42(1) The non-dissepimented taxa – the so-called Cyathaxonia fauna sensu Hill (1981) – are almost absent (Fig. 8A). Enniskillenia enniskilleni is the only recorded member and it is moreover a large-sized solitary taxon (see next point). These taxa are commonly found in shaly facies, but they are not restricted to deep-water settings as commonly suggested (e.g. Hill, 1981; Oliver, 1992) and are quite common in environments that were stressful for other corals, such as dysphotic, dysaerobic, cold-water, hyperhaline (?) and turbid environments. Obviously none of those environments are known in Royseux. However, small solitary undissepimented corals are not uncommon in microbialite facies (e.g. Webb, 1987; Mundy, 1994). Such facies occur in the capping beds of the Siphonodendron biostromes but no rugose corals are associated with them. Curiously, the undissepimented corals are replaced in that facies by heterocorals! Competitive displacement by heterocorals is a possible explanation for this absence but different ecological requirements might also explain the dominance of heterocorals. Similarly, the simple rugose coral Amplexus coralloides, which is rather common in all environments in the Carboniferous is unknown in Royseux, possibly for similar reasons.

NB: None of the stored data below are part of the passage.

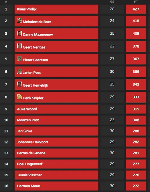 Het wordt steeds spannender wie zich definitief plaats voor de Play OFS , de nummers 1-8 spelen voor de titel Dinsdagavond winnaar, en voor het club kampioenschap.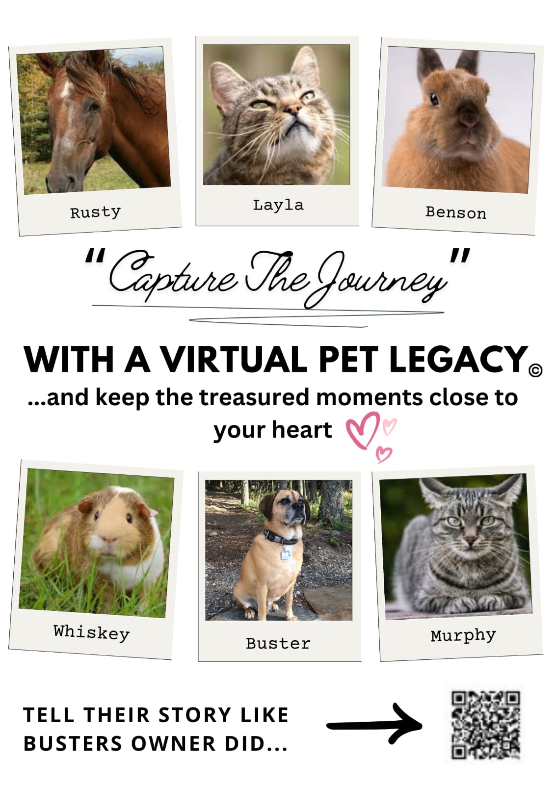 Keep the treasured moments close to your heart by celebrating your beloved Pet with a “Capture the Journey”, Virtual Pet Legacy.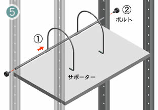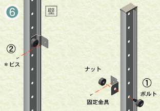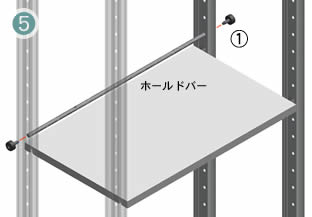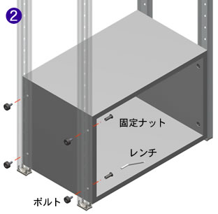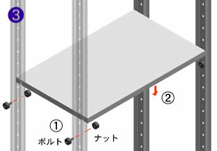 【連結の場合】 棚を平行に取付ける時 ・ ジョイントボルトとナット2個で取り付けます。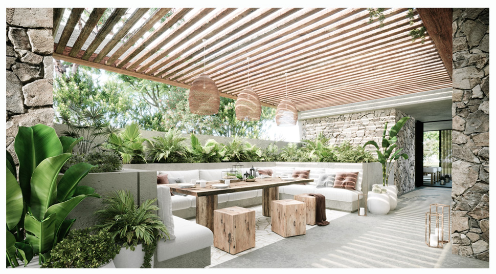 The villas showcase contemporary architecture with a blend of modern and traditional design elements. The use of natural materials such as stone, wood, and glass creates a harmonious balance with the surrounding environment.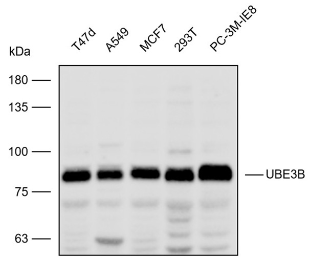 "Western blot analysis with UBE3B antibody diluted at 1:2000;Lane: T47d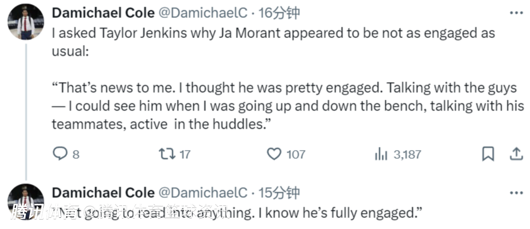 被问及这场比赛在场下观战的莫兰特为什么看起来不像往常那么投入,詹金斯表示:“我认为他非常投入,我在替补席上来回走动的时候,能看到他和队友在交谈,在人群中很活跃。不想去妄加猜测,我知道他是完全投入其中的。”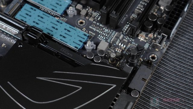左上巨大的 VRM 散熱器有 ROG 和 MAXIMUS APEX ENCORE 字樣驗明主機板正身,CPU 插座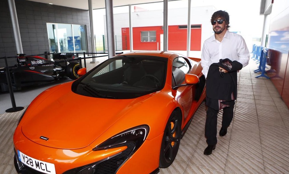 Fernando Alonso, posando entre el Renault de 2008 y el McLaren de 2007.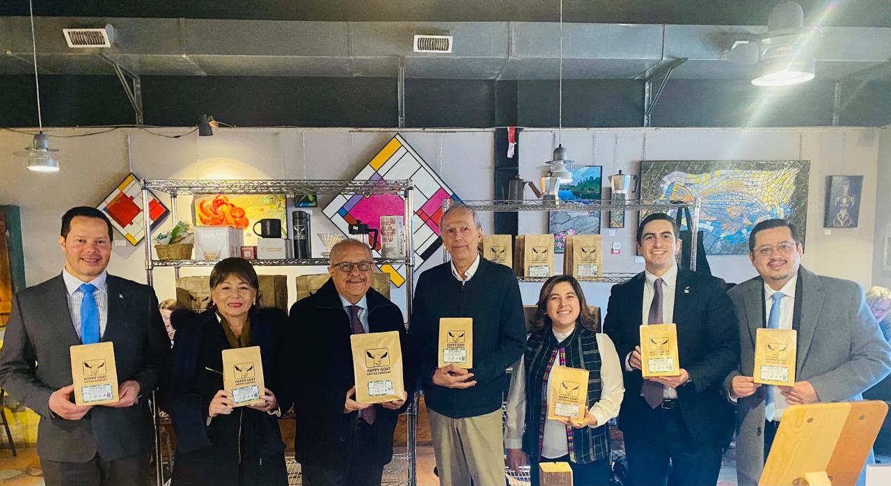 Ottawa, Canadá, 10 de abril de 2026. En el marco de su visita oficial a Canadá, el canciller Carlos Ramiro Martínez sostuvo un encuentro con el fundador del Happy Goat Coffee Co., cadena con 20 tiendas en Canadá, quien expresó su congratulación por ser un importador clave de café de Guatemala.

43(2) The caninimorphic corals are poorly represented in the assemblage, both in number of species and in specimens, with Pseudozaphrentoides juddi and Siphonophyllia sp. being the only members of the morphotype (Fig. 8A, D). These forms are usually regarded as possible ‘mud-stickers’ (Hubbard, 1970; Aretz et al., 2010) and the absence of mud in Royseux may explain their rarity. The lack of an axial structure may have been tentatively interpreted as unfavourable for these corals, considering the numerous axophyllids, clisiophyllids, amygdalophyllids and Dibunophyllum that proliferated in Royseux.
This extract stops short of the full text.